(Collected data):
┌──
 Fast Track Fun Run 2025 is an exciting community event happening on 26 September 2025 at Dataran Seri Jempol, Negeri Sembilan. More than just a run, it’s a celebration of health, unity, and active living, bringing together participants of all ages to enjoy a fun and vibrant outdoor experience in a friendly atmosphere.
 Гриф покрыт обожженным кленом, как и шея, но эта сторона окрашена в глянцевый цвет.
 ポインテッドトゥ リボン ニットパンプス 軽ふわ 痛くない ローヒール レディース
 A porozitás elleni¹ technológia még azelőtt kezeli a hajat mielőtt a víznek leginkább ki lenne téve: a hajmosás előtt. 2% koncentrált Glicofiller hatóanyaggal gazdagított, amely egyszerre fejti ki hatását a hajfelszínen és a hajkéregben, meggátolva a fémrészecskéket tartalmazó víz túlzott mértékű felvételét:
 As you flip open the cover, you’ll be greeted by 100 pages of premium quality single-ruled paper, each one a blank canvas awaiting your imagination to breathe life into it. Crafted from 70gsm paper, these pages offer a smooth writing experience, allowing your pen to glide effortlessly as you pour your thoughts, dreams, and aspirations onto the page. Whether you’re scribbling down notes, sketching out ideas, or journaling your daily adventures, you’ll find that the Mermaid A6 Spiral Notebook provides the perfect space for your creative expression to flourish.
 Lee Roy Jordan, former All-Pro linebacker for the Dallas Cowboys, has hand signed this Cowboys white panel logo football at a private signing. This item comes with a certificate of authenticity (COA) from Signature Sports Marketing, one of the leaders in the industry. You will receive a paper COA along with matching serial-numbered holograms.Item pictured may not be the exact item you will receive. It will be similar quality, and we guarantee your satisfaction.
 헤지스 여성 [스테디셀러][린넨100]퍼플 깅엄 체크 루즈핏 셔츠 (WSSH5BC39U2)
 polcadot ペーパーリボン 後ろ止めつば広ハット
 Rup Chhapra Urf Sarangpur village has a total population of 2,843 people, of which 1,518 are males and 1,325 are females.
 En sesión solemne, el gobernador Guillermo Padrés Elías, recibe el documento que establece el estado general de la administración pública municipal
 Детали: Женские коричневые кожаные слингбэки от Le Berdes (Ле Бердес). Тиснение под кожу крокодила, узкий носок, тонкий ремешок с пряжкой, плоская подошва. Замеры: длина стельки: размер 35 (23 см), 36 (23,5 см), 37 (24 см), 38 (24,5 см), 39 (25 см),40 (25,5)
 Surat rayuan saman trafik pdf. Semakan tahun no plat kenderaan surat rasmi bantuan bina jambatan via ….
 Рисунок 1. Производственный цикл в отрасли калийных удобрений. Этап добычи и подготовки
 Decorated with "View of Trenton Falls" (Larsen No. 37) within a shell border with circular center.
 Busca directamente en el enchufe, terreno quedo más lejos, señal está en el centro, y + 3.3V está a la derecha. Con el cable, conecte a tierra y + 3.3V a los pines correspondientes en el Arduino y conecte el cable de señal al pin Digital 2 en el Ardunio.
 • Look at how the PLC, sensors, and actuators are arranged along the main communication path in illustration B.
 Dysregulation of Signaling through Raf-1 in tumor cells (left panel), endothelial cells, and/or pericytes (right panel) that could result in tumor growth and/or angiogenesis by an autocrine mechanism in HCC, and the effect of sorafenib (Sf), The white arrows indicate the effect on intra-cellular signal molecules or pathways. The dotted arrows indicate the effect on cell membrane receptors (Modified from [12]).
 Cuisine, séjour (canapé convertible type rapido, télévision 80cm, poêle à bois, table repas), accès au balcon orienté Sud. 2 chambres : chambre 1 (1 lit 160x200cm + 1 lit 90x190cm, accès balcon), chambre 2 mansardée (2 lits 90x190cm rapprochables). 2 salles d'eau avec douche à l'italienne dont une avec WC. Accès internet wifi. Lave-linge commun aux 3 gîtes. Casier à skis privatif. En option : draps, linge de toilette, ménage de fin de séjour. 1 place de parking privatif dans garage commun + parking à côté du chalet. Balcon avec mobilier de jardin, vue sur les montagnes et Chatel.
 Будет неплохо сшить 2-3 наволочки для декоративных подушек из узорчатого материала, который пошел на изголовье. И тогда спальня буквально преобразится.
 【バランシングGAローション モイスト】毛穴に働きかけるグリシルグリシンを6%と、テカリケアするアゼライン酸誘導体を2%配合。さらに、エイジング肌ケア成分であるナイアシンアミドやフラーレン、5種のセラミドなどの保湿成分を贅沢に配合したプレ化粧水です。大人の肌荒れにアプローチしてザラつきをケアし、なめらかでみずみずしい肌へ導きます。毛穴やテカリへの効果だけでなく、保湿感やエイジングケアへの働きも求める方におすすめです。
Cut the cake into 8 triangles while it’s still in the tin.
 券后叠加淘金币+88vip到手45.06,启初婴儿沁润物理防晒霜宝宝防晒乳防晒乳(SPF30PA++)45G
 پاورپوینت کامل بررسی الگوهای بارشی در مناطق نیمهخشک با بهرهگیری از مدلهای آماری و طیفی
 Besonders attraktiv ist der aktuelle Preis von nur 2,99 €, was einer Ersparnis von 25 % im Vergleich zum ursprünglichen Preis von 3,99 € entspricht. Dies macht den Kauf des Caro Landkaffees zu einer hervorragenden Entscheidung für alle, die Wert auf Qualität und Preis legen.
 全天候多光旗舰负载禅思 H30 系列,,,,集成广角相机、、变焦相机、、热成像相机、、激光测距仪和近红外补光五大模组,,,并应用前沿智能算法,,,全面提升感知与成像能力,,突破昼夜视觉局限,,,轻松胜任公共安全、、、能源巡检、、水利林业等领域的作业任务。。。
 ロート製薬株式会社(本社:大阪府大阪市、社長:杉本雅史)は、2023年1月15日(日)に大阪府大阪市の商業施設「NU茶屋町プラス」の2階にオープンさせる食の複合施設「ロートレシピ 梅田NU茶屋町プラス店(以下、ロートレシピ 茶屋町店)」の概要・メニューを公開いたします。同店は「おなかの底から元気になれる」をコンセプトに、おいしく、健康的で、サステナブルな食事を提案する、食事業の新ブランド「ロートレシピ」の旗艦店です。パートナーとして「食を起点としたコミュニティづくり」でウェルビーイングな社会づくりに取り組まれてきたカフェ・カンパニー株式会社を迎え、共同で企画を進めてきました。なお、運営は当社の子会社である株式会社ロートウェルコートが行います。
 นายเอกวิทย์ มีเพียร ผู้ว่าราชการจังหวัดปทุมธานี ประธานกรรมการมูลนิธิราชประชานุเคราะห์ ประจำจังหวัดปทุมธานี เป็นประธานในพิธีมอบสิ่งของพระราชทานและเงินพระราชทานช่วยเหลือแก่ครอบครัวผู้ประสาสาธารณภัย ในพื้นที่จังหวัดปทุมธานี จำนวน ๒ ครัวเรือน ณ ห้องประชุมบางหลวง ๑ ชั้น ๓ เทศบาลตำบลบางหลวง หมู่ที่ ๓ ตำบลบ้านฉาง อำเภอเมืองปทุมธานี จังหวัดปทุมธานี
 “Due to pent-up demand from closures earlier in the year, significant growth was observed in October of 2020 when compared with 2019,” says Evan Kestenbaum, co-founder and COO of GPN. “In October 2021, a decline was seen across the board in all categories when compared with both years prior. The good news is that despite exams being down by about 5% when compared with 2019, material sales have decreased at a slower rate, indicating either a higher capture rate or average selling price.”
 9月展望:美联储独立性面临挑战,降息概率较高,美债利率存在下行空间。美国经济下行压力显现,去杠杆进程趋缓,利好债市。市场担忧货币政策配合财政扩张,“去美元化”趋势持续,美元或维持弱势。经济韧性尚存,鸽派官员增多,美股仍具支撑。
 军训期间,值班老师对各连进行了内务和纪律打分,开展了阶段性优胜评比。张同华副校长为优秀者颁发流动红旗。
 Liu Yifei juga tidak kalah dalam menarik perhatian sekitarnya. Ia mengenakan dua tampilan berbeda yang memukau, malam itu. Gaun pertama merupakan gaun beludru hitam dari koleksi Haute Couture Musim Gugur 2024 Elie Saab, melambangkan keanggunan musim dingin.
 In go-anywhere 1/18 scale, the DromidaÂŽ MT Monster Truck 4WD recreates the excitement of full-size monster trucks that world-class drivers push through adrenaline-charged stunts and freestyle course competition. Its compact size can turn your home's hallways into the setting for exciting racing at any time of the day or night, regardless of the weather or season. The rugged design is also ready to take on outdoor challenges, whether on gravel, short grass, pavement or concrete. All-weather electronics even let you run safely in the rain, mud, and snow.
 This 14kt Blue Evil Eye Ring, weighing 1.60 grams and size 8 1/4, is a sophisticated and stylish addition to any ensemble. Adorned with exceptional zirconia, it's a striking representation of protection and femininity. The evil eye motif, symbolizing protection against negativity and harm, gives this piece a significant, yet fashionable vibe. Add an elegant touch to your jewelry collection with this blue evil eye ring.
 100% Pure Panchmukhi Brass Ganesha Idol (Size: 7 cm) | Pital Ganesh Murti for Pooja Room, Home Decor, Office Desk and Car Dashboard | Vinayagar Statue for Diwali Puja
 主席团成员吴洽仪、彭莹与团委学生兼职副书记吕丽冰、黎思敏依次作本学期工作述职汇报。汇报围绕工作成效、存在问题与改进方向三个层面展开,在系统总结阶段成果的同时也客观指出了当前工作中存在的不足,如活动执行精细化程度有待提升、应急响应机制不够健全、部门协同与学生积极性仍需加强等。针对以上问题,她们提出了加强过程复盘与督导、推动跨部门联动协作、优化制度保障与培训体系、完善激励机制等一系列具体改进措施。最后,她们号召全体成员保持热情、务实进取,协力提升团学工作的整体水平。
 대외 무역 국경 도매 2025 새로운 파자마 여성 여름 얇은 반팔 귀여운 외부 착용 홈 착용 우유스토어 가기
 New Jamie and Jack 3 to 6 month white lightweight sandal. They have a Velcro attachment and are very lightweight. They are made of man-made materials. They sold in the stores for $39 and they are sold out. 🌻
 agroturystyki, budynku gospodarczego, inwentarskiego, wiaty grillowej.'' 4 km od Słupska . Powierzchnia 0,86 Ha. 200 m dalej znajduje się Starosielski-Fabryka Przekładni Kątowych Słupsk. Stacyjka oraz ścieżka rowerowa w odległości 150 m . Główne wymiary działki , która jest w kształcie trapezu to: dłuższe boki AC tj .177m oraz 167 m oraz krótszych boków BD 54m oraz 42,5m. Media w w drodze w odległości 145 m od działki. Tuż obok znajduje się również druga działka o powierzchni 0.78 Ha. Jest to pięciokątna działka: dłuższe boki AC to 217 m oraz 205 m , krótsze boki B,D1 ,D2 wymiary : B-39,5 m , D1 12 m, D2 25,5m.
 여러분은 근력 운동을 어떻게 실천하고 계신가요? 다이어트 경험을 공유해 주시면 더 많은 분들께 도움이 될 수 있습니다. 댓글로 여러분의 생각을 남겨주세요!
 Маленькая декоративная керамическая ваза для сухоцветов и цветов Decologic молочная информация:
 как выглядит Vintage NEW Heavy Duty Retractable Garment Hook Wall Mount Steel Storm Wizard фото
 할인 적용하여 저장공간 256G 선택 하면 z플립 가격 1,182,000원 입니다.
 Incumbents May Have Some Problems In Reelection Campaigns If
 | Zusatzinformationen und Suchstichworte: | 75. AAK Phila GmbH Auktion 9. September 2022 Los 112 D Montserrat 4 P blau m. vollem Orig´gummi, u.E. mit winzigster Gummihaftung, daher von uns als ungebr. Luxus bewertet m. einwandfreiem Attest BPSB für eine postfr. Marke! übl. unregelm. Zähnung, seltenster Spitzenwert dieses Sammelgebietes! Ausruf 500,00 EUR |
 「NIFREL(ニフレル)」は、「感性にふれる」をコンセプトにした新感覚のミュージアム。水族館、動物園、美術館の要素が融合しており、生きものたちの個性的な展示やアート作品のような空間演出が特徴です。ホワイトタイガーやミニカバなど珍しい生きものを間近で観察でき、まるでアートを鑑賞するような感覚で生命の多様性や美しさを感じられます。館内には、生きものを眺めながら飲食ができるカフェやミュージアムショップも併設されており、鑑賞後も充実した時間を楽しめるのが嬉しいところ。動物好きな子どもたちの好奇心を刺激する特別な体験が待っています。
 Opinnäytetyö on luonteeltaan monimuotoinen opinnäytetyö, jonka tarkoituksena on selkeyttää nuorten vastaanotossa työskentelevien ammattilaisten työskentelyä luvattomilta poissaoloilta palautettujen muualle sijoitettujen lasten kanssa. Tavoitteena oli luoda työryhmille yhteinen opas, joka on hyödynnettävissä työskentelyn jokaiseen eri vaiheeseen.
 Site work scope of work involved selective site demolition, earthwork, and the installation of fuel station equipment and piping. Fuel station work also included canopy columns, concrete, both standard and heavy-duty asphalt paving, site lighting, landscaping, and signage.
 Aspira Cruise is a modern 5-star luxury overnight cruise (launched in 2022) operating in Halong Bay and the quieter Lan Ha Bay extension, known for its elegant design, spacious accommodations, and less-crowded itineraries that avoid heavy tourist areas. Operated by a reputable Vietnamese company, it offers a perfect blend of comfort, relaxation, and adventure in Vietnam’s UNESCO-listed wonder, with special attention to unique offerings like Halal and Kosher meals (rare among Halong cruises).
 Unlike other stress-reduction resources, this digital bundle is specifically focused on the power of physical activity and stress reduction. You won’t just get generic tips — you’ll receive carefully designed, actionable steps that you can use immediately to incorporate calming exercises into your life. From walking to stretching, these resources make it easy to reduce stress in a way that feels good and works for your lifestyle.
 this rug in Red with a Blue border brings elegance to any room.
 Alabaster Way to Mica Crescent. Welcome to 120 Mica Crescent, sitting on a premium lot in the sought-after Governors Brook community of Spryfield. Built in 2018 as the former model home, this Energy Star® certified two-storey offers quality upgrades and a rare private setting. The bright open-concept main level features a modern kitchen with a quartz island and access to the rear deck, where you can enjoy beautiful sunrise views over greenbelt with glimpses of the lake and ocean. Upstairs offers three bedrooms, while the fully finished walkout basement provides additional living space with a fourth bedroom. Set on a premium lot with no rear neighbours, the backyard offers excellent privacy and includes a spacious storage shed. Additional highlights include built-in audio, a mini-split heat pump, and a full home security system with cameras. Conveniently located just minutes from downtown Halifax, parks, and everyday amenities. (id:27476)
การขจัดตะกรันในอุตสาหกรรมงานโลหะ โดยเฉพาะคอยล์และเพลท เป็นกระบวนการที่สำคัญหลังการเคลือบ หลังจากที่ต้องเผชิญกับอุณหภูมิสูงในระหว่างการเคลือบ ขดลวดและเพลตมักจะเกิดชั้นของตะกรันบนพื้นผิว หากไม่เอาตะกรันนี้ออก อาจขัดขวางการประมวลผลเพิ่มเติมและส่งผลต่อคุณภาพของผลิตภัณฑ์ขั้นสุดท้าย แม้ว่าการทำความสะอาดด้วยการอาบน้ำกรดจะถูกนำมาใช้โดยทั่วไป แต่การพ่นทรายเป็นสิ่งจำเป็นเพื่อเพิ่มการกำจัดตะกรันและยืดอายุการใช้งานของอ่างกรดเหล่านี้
└──
(TASK DIRECTIONS):
Every line in the data that holds "border" should be copied out.

(ANSWER SECTION):
 Decorated with "View of Trenton Falls" (Larsen No. 37) within a shell border with circular center.
 this rug in Red with a Blue border brings elegance to any room.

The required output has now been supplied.